Actually that might not be fair because not everyone got many bonuses.  It could end up that the new player would end up being very close to the current player with lowest experience total. For example, if you have 3 people who have 5,8,11 (with 5 being a player who got no bonuses) and you take the average of that and then take half, you end up with 4 for the new player.

I'd suggest taking the lowest overall experience total (in this case the person who has the 5) and taking half of that.


----------



## reapersaurus (Jul 23, 2003)

I think a couple questions might help lead us in the right direction:

1) Would any of us have less fun if any new player joining had the same number of points as us?

2) Would the new player have more fun if they had as many points to play with as us?

The answers to these questions will probably lead us to the right decision.


----------



## Shalimar (Jul 23, 2003)

I think that if you post everyones overall experience point total it might help, because book-keeping is not my strong suit, we would be able to go from there.

I think thta coming into the game with a vastly less experienced PC is less fun, so I am definitely for giving out XP to new characters.  I think however, that giving them the full xp of characters who have gotten bonuses for the rping, however, is wrong since they did not do that same character building, and they still have the chance to build up bonus xp as they delve into the character.

What I believe should be done is this, find the baseline for XP, as in what everyone would have had no one been givin bonuses, and award that amount.  The bonuses will come when they rp the character, that bonus xp came from the work of the other players and it should therefore be givien only to those who have earned it.

ie. you determine at this point of the chronicle that without taking rp bonuses into account all players should have 10 xp, with the bonuses, some characters might have 14 or even 15 for exemplery rp, while others might have only 11 or 12 xp because of their lesser, but still substantial rping.


----------



## Tory Adore (Jul 23, 2003)

Well made points by everyone I must say. 

Personally though, as I never seem to remember how many xps and bonus points Cat's given me no matter how many times he's told me - and yes I even right it down and then can't find it , even if it were I who had the least total xps and bonus points (of which I have no clue if it is me or someone else), I would not and do not mind at all if any new player comes in with the same totals as me.

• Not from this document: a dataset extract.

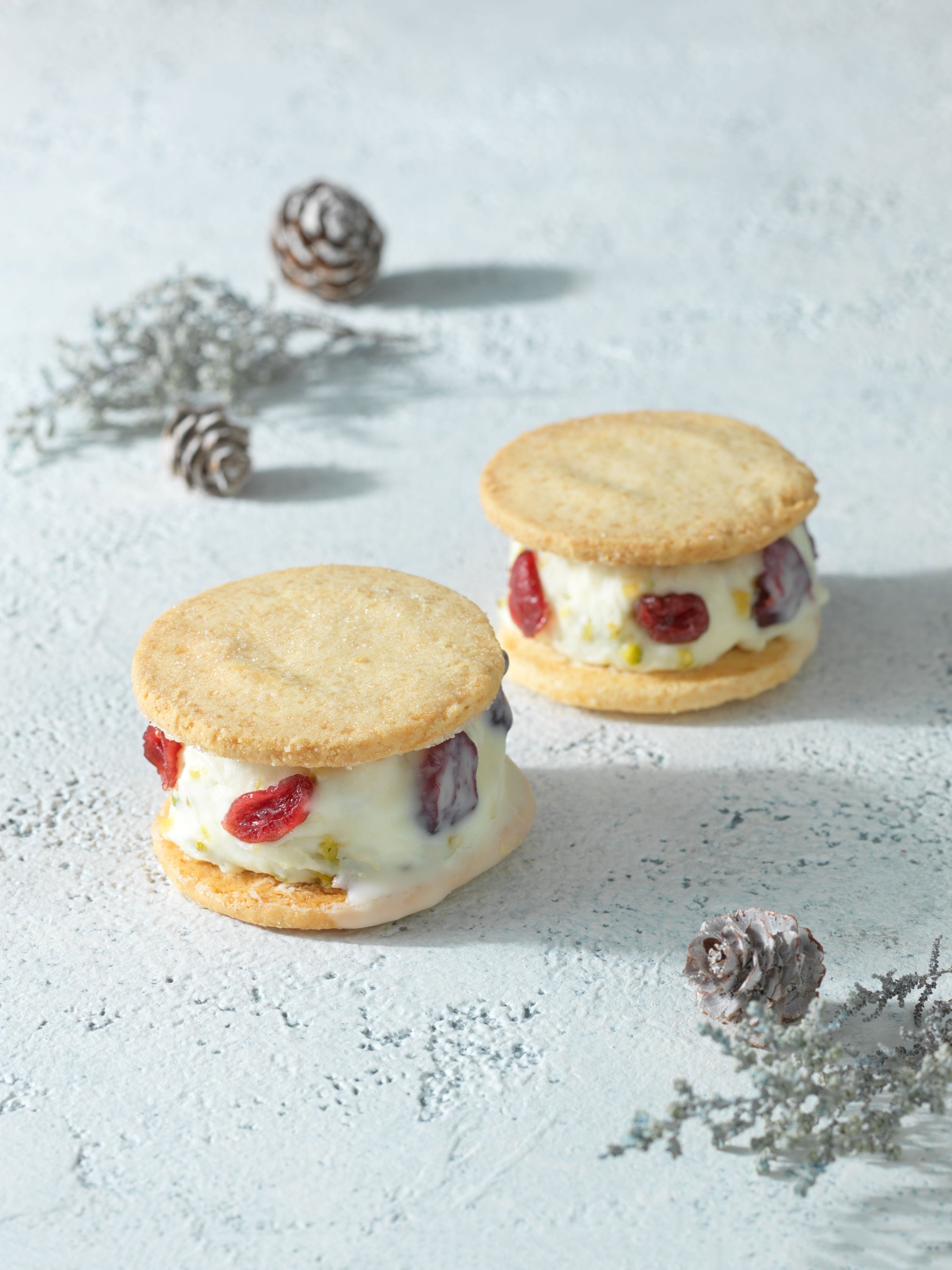 チーズが主役のスイーツショップ<Now on Cheese(ナウ オン チーズ)>は、さまざまなチーズの個性を最大限に生かしたスイーツが魅力です。なかでも「レアチーズサンド・ホワイトベリー」は、北海道産生クリームとクリームチーズ、イタリア産のマスカルポーネを贅沢に使用したチーズクリームを、お店が誇るチーズクッキーに挟んだ一品です。香ばしいピスタチオと、甘酸っぱいクランベリーをトッピングした華やかな見た目で、手土産にもおすすめです。

I wouldn't have a problem if a new player came in with more than me either. 

I don't know for fact what everyone's stats are after xps and bonus awards anyway, but I do have a pretty good conjecture going - some update as they get xps and some don't - so it really makes no difference in regard to the totals of everyone including that of new players coming in since for the most part I don't know or worry about what others have. I trust our ST, as I'm sure we all do, to be as fair as he can be when passing out xps and bonuses. It all works out pretty even anyway eventually.

Plus anyone coming in has a HECK of a lot of reading to do to catch up to the situations at hand. That alone should be worth some hefty awarding of xps and bonuses. That's a lot of work in itself I think. 

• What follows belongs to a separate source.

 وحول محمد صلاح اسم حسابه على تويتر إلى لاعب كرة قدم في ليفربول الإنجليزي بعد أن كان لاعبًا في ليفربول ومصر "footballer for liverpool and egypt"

Whatever works for the story and lets everyone have the most fun and enjoyment should be the ultimate goal in my opinion.

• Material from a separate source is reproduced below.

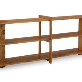 Made with solid acacia wood. Warm honey brown finish. 3 fixed shelves. Assembly required.

Anyway, I'm gonna go try to sleep now...too early for too much thinking. 4:38am - uggghhh...I wish it were Friday.


----------



## KitanaVorr (Jul 23, 2003)

Shalimar's idea works for me.


----------



## Ashrem Bayle (Jul 25, 2003)

Hi guys! Sorry to butt in.  

Kitana, check the email account you have associated with your ENWorld profile.


----------



## KitanaVorr (Jul 25, 2003)

Ashrem Bayle said:
			
		

> *Hi guys! Sorry to butt in.
> 
> Kitana, check the email account you have associated with your ENWorld profile. *




Sure thing!  I'll look at it when I get home.  I've been too bogged down with work to check it these last few days, but our customers finally left today (for their 7 hour flight back home - that's gotta suck).  I had one five hour meeting yesterday and another bright and early this morning.  I plan on parking my brain into 'pause' mode for this weekend...TGIF!!!!!


----------



## reapersaurus (Jul 27, 2003)

umm...    Storyteller?
Guys?

Have you read the thread that Ashrem started in General Discussion?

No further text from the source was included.